July 25, 2018 08:04 pm | Updated June 08, 2020 01:56 pm IST

Goa Chief Minister Manohar Parrikar said on Wednesday that the mining scam had cost the government just ₹3,500 crore to ₹4,000 crore and not ₹35,000 crore as estimated by the Justice M.B. Shah Commission.

Addressing a press conference on the sidelines of the monsoon session of the Assembly, Mr. Parrikar said the findings of the Shah Commission were based on a wrong survey. He was replying to a query posed by Congress legislator Luizinho Faleiro, during the Question Hour, on the total amount of loss and steps taken by the government to recover the losses.

Mr. Parrikar said the government had recovered ₹300 crore in dues from mining companies. He said, “The Shah Commission report was based on a survey carried out using hand-held gadgets. If I had said the loss is ₹100, how could I have recovered ₹300 crore? Losses are caused because of the difference between ore extracted and ore exported. The value of the ore is not a loss to the government. The loss is of the royalty on the ore extracted.”

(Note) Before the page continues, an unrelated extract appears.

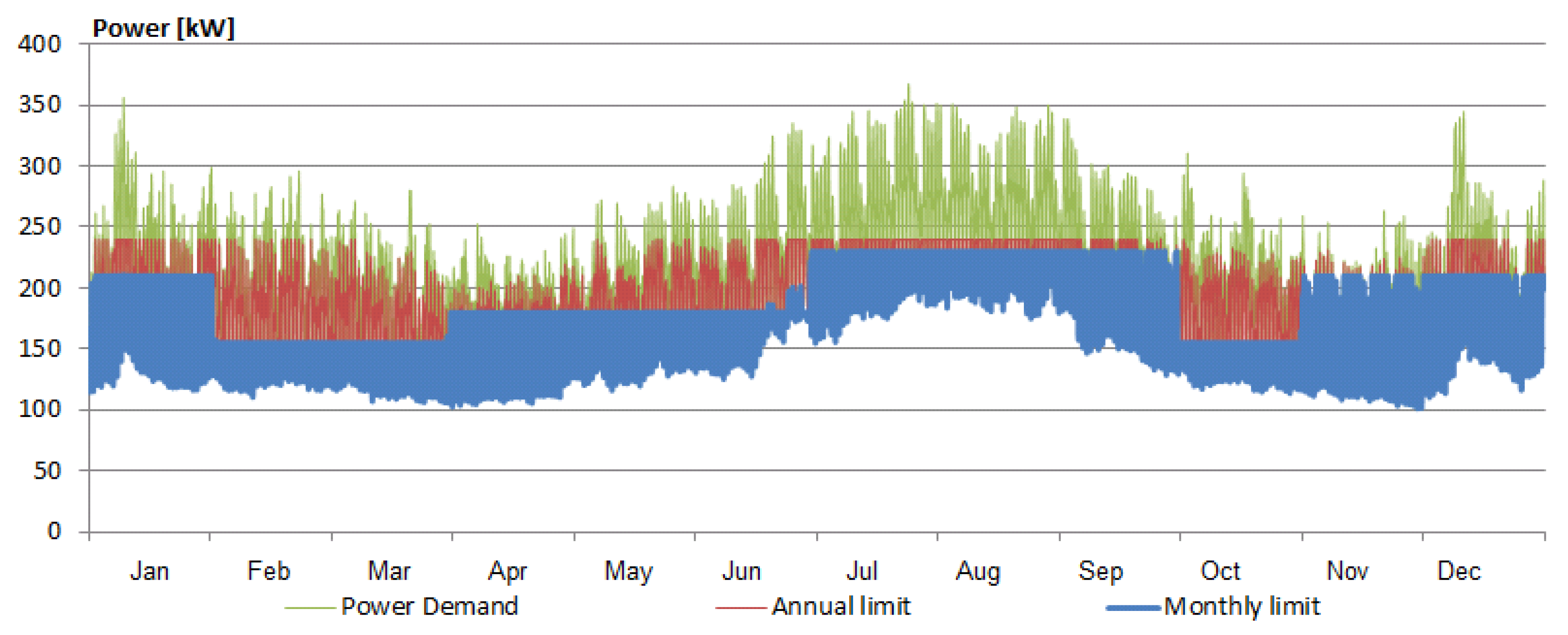 In the second step, the maximum contribution from the main grid is determined on a monthly basis. Average monthly consumption can be divided in four categories, ranging from very low to very high. Each category contains three months, as shown in the following Table 1. Accordingly, monthly limits on the grid contribution (Figure 8, in blue) increase the RES potential further (difference between green and blue).

Mr. Parrikar, who headed the Public Accounts Committee as the Leader of the Opposition in 2011, said, “The PAC report stating a loss of ₹3,500 crore to ₹4,000 crore to the government is correct.” BJP leaders had then marched to the then President Pratibha Patil’s office and claimed that Goa had suffered a loss of ₹25,000 crore owing to illegal mining.

Mr. Parrikar said, “Some losses are being tackled by the Special Investigation Team [of Goa Police]. Many people are absconding. They have just disappeared from the scene. The SIT has filed a charge sheet in eight cases. The SIT and a team of chartered accountants [deployed by State government to estimate theft of royalty] will formulate the total loss figure, which according to me is between ₹3,500 and ₹4,000 crore.”

Chief Minister, who also holds mining portfolio, said that the Shah Commission had said mining companies had shifted the lease boundaries and appropriated 580-odd hectares of land. He, however, said that a detailed survey by the State government revealed that the mining companies encroached on only 10 hectares of land.

Mr. Parrikar told the Assembly that early resumption of mining, which was banned in February, was one of the top priorities of the government. The Supreme Court had cancelled 88 mining leases and banned extraction and transportation of iron ore from March. It also directed the State to re-issue mining leases that had been renewed inappropriately.

He also said that the ban had not affected the State treasury as the contribution of the mining sector to Goa’s Gross Domestic Product was only 5% in 2018, in comparison with the 18% in 2012.